Classic car theft
Special report – who’s stealing classics, where they’re going and what you can do to help stop it
‘Classic thefts are higher than they have ever been’
It has long been accepted wisdom that classic cars were not on thieves’ radar. Too unusual, no ready market, too distinctive and noticeable. But times are changing and classic thefts are higher than they have ever been, according to vehicle crime consultant, Ken German. He tells us, ‘In the UK more than 27 rare classic cars have been reported stolen within the last month. These include E-types, 911s, Minor convertibles, a Sunbeam Tiger, early Minis and eight rare Fords. Also an MGB, captured on CCTV being taken in broad daylight. None of these has so far been recovered.
‘Five years ago the media reported a rise in classic car theft, with certain areas of the country a target for Minis, Escorts and VWS. Now social media sites devoted to classics suggest all types of classic vehicle are under threat – in most areas.
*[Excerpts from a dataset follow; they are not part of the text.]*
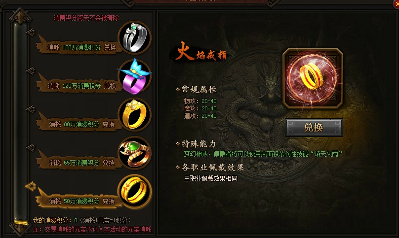 | 消费“50万消费积分” | 火焰戒指*1, |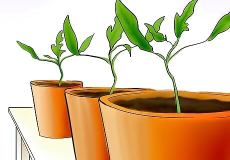 Transplant the seedlings. Place each seedling into its own individual quart size container of potting soil. The separated plants will still need about 8 hours of heat and sunlight on a daily basis in addition to daily waterings.
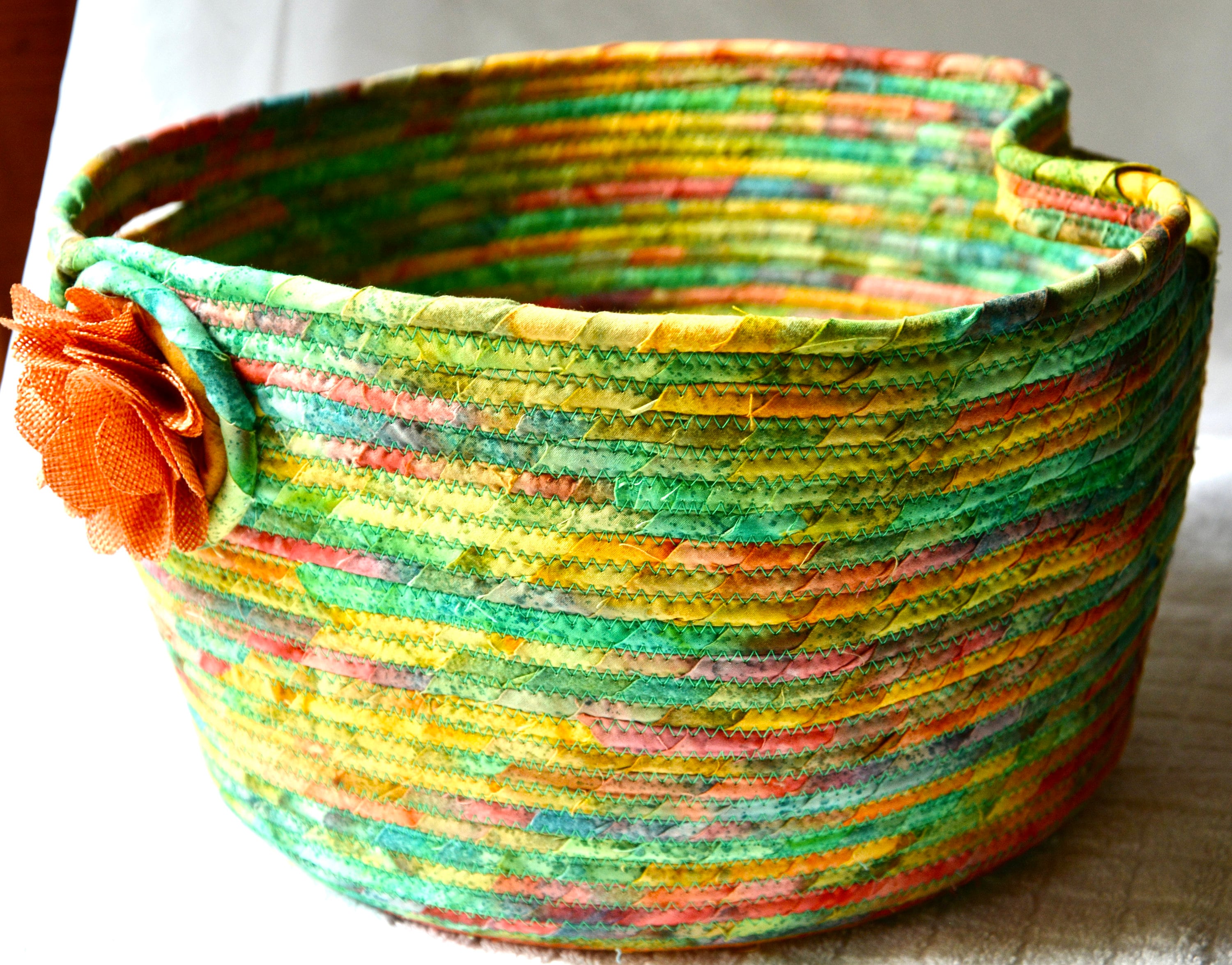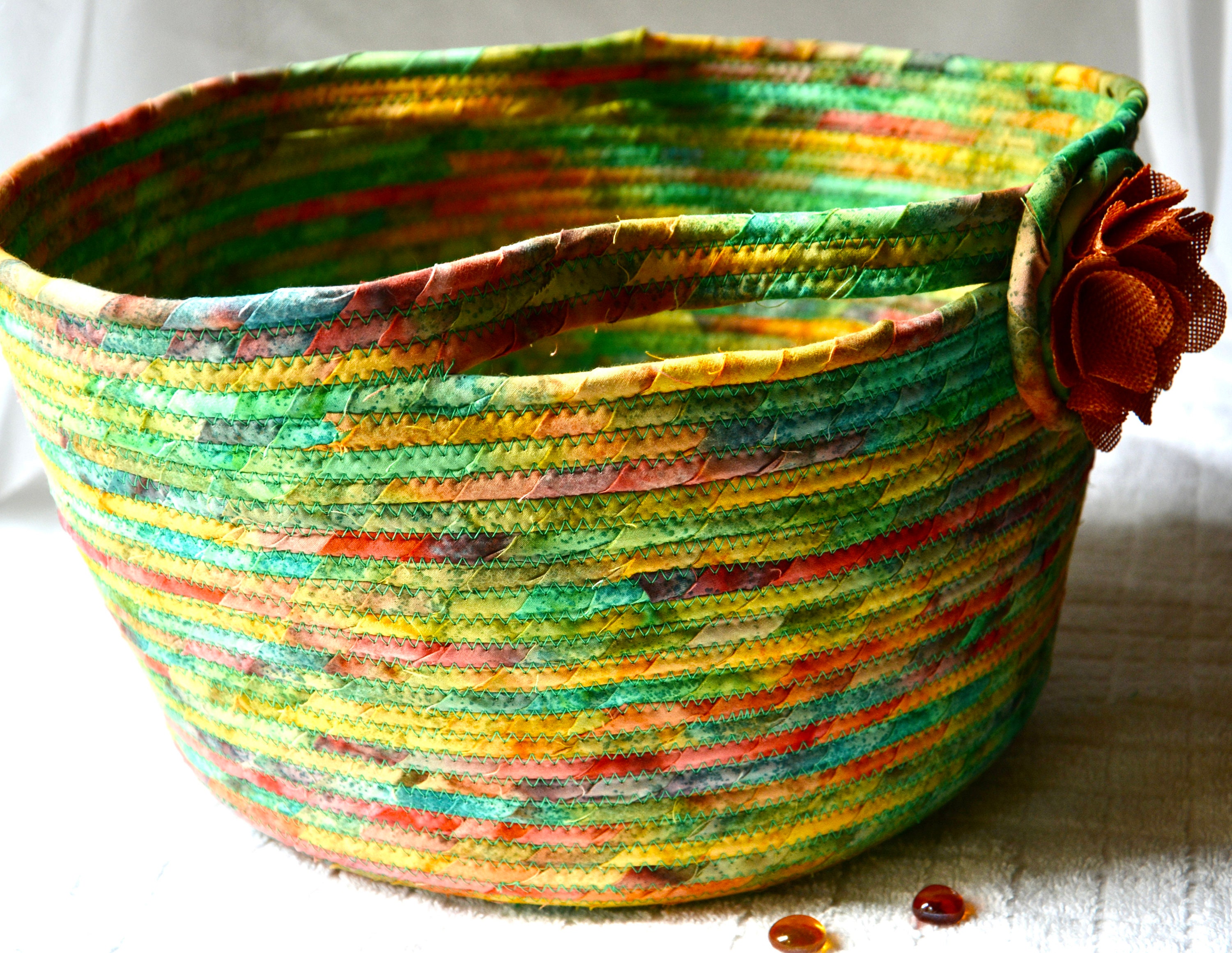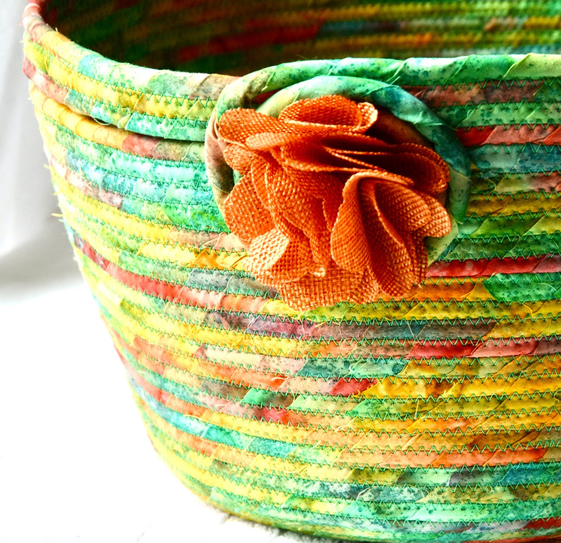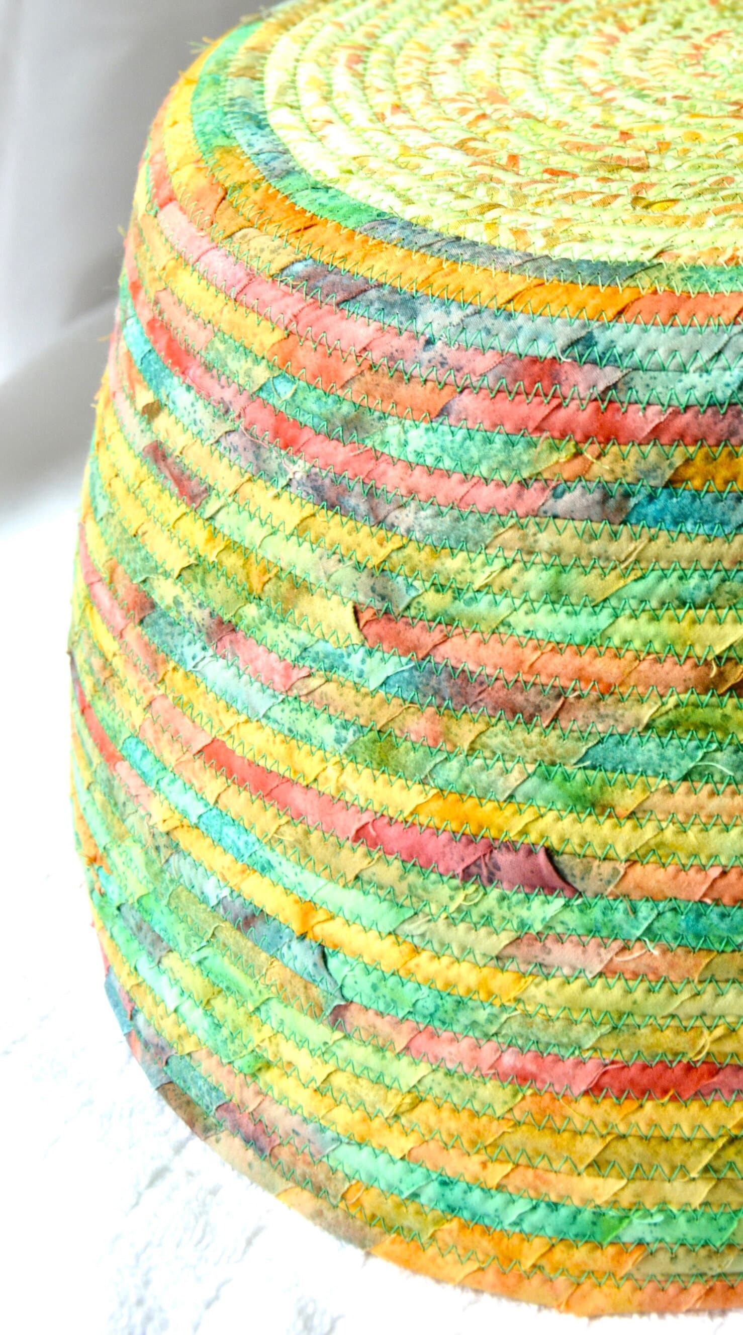 I hand wrapped this wonderful multicolor batik fabric around cotton line, which I then hand coiled and machine quilted to make it sturdy. I used the raw edge technique with some fray to add a great shabby chic texture. This is a high quality 100% cotton fabric and it shows on the inside too!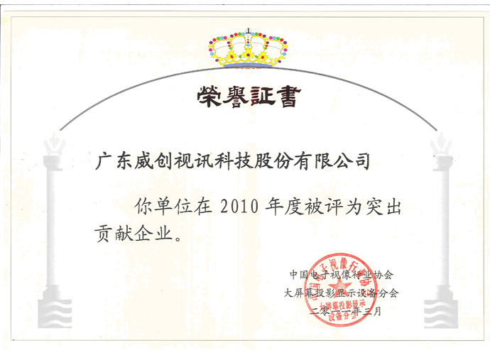 • 中國(guó)電子視像行業(yè)協(xié)會(huì)突出貢獻(xiàn)企業(yè)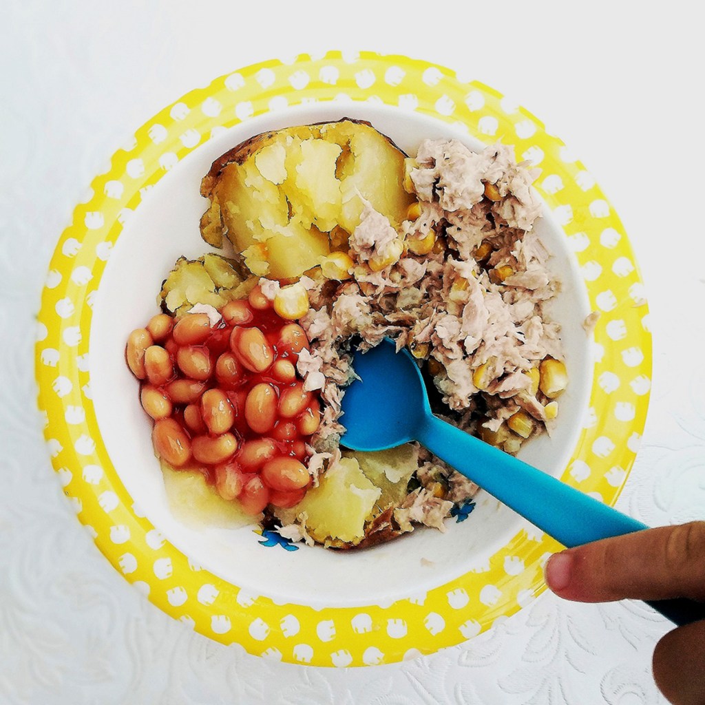 1 tin tuna, 2 tbsps mayonnaise and 1 small tin of sweetcorn

‘Demand on the black market and “dark net” for rare cars is growing. In the enthusiast markets of today – Asia, Africa, China – due to forgery and fraud, bribery and where few questions are asked, classics can be sold for strong prices all day long.
While only 15 per cent of stolen classic cars are ever found in good condition, another three per cent are recovered severely damaged or completely burned out, attributable to opportunists or vandalism.
‘Classic vehicle fraud is on the increase throughout Europe and criminals exploit internet access to comprehensive factory records, helpful and informative owners’ clubs and enthusiast sites helping fraudsters to fake histories, counterfeit registration documents, dating certificates, etc.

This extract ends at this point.